#### AIM OF THE EXERCISE
A word-for-word copy of the data, pictures excluded, is what this task asks for.
◇ ◇ ◇ ◇ ◇ ◇ ◇
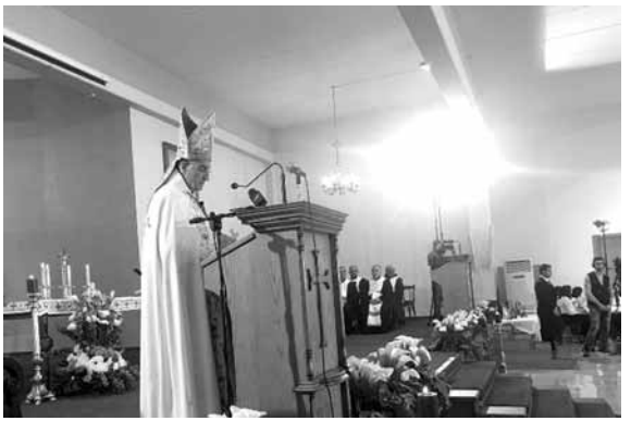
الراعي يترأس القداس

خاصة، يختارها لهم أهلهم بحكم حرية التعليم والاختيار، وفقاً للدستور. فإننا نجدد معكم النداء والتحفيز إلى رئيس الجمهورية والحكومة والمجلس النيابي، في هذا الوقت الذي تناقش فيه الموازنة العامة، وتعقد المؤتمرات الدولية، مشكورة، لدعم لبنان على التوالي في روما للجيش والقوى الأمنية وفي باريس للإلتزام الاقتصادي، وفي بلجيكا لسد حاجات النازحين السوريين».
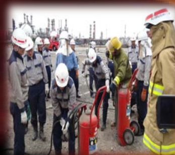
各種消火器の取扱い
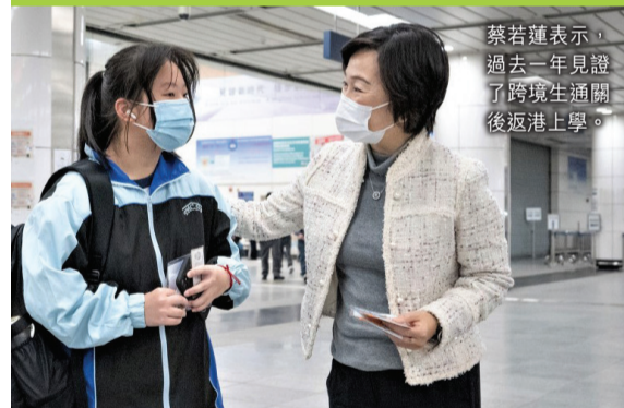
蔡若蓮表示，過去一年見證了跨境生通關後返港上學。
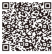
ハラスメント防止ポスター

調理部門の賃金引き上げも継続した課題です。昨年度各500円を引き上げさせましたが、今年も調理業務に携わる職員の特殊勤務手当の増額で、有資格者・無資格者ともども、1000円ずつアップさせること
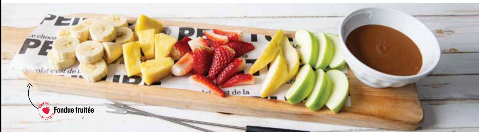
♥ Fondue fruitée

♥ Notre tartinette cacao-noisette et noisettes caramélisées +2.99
◇ ◇ ◇ ◇ ◇ ◇ ◇
#### RESULT OF THIS EXERCISE
الراعي يترأس القداس

خاصة، يختارها لهم أهلهم بحكم حرية التعليم والاختيار، وفقاً للدستور. فإننا نجدد معكم النداء والتحفيز إلى رئيس الجمهورية والحكومة والمجلس النيابي، في هذا الوقت الذي تناقش فيه الموازنة العامة، وتعقد المؤتمرات الدولية، مشكورة، لدعم لبنان على التوالي في روما للجيش والقوى الأمنية وفي باريس للإلتزام الاقتصادي، وفي بلجيكا لسد حاجات النازحين السوريين».
各種消火器の取扱い
蔡若蓮表示，過去一年見證了跨境生通關後返港上學。
ハラスメント防止ポスター

調理部門の賃金引き上げも継続した課題です。昨年度各500円を引き上げさせましたが、今年も調理業務に携わる職員の特殊勤務手当の増額で、有資格者・無資格者ともども、1000円ずつアップさせること
♥ Fondue fruitée

♥ Notre tartinette cacao-noisette et noisettes caramélisées +2.99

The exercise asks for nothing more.